What was the ******** point? Every time she came back she wrung a little more beauty and life out of the place, and there was still a forlorn ghost haunting her heels every step she took. Dead at its very soul - because what else could the soul of this place be, if it wasn’t him? Wallowing in his self-inflicted misery and his anger and dead forever: a wayward spirit to follow her as a constant reminder, tethered to a rotting body entombed beneath the keep.

“Come with me,” she said, turning with a sudden imperiousness that seemed to startle him even as he instinctively moved to obey, only to stop before he had even taken two steps.

“I cannot,” he observed, hurt.

“How do you know? Come with me. I want you to come with me.”

“You and I both know that I cannot,” he said. And then he added, with an almost bewildered pain: “Why are you thus cruel to me, Lady?”

“I’ve told you I like being cruel to men,” she said, although she hated herself as she said it, and had to correct herself almost before the words were out. “But I’m not being cruel. I want you to see the place from somewhere else. I want you to get a change in perspective because I think you’d like it, if you’d ever ******** let yourself like anything. The weather is gorgeous and the boat is adorable and you should have enjoyed it when you were alive, but you can enjoy it now, if you’d just be willing to enjoy anything. I’ll read more Morris at you, if you want. You liked Morris, and I’ve never seen you like anything. Come with me,” she repeated, bringing up her chin in a haughty tip, dispensing the words like the order they were.
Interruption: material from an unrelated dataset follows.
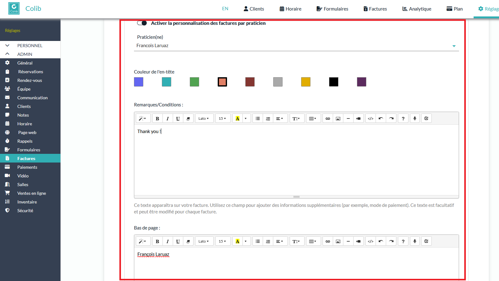 Dans cet article, nous allons détailler comment Colib vous permet de personnaliser les factures pour chaque praticien :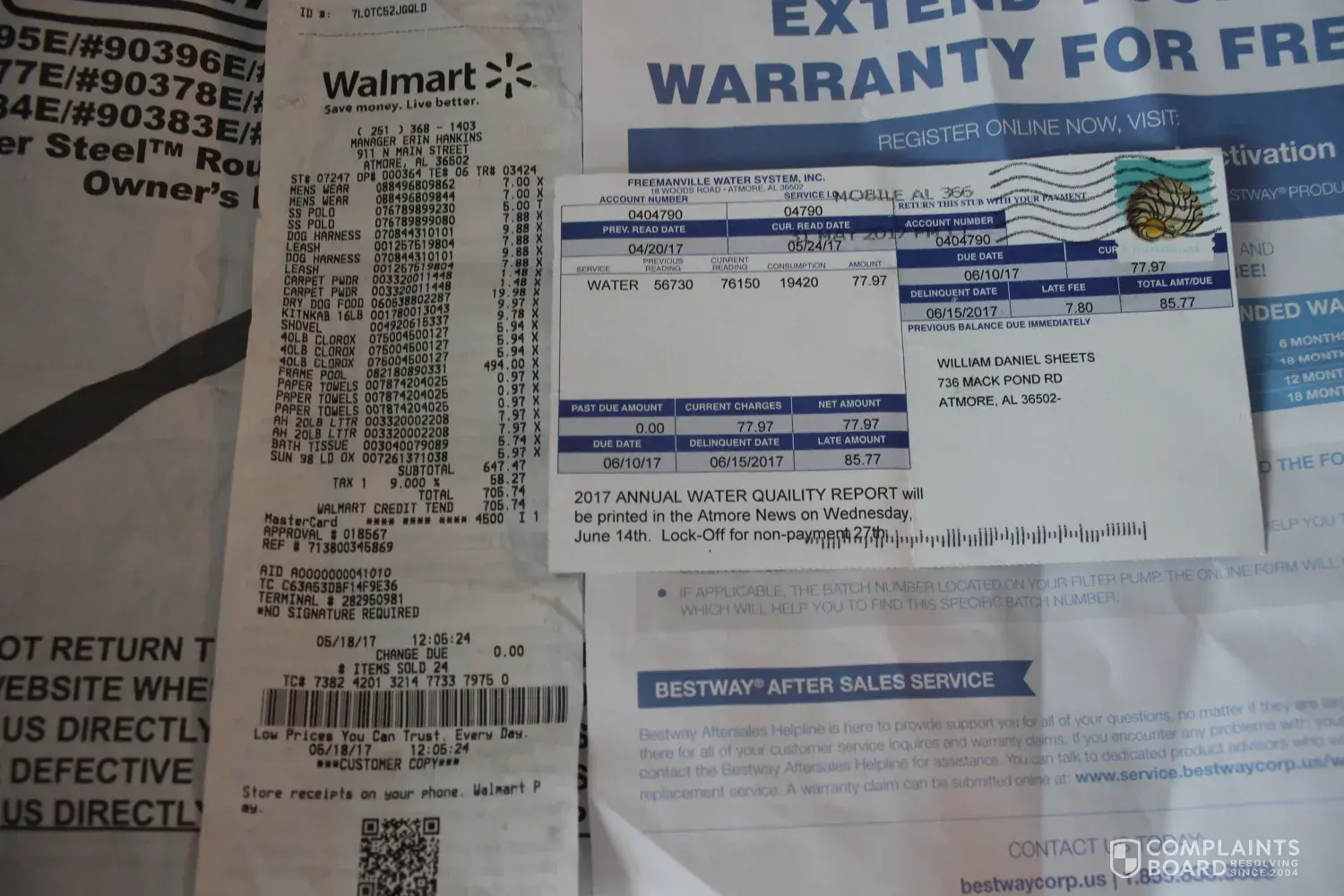 I purchased a Coleman/Bestway Power Steel Round Frame Pool Model #90389 on 5/18/17 @ local Walmart for $494 + tax, supplies, accessories. I prepped a 25' circumference area for 3 days tilling, leveling and spraying weed killer twice, then laid the tarp provided with the pool. The pool was set up, and as I started filling with water, wife and kids smoothed wrinkles. The pool has been used and maintained for less than a month, and as I was cleaning it on 6/14/17, I noticed a blade of grass protruding thru the lining of the pool about 1 1/2 ft from side of pool(pic will be included). I called the #[protected] listed on the pool paperwork, and the associate told me I needed to "drain" the pool, take a picture, and submit it with proof of purchase. The best part was I was also told that grass growing thru the liner is "NOT covered." Why would I drain the pool and do additional work if it's "not covered." The water bill was an additional $45 to fill it 3 weeks ago, not to mention the salt that has been applied to go with the salt pump which works with the pump that came with the pool.

He paused, but he took another step towards the boat before grinding to a halt again. “I cannot,” he repeated, but it was almost inaudible; he looked at her with an expression so lost and boyish that she almost repented.

Which, of course, only made her double down.

“Come with me,” she said again. “Why won’t you even try?”

“Because failure would -” He could not finish, his eyes searching her face for some hint of mercy that was not there.

She was silent for a long, long moment, and wondered if he thought that it was because she was disgusted, or if he realized that she was choking back all the anger and grief she was capable of feeling. She dismissed the guise of the Garde and all its queenly dignity, returning to that of Elaine.

“Now who’s a coward?” she said at last, picking up the oar and pushing off the shore with more violence than strictly necessary, letting the boat drift out onto the water and unspooling the rope as the current took it out and downstream.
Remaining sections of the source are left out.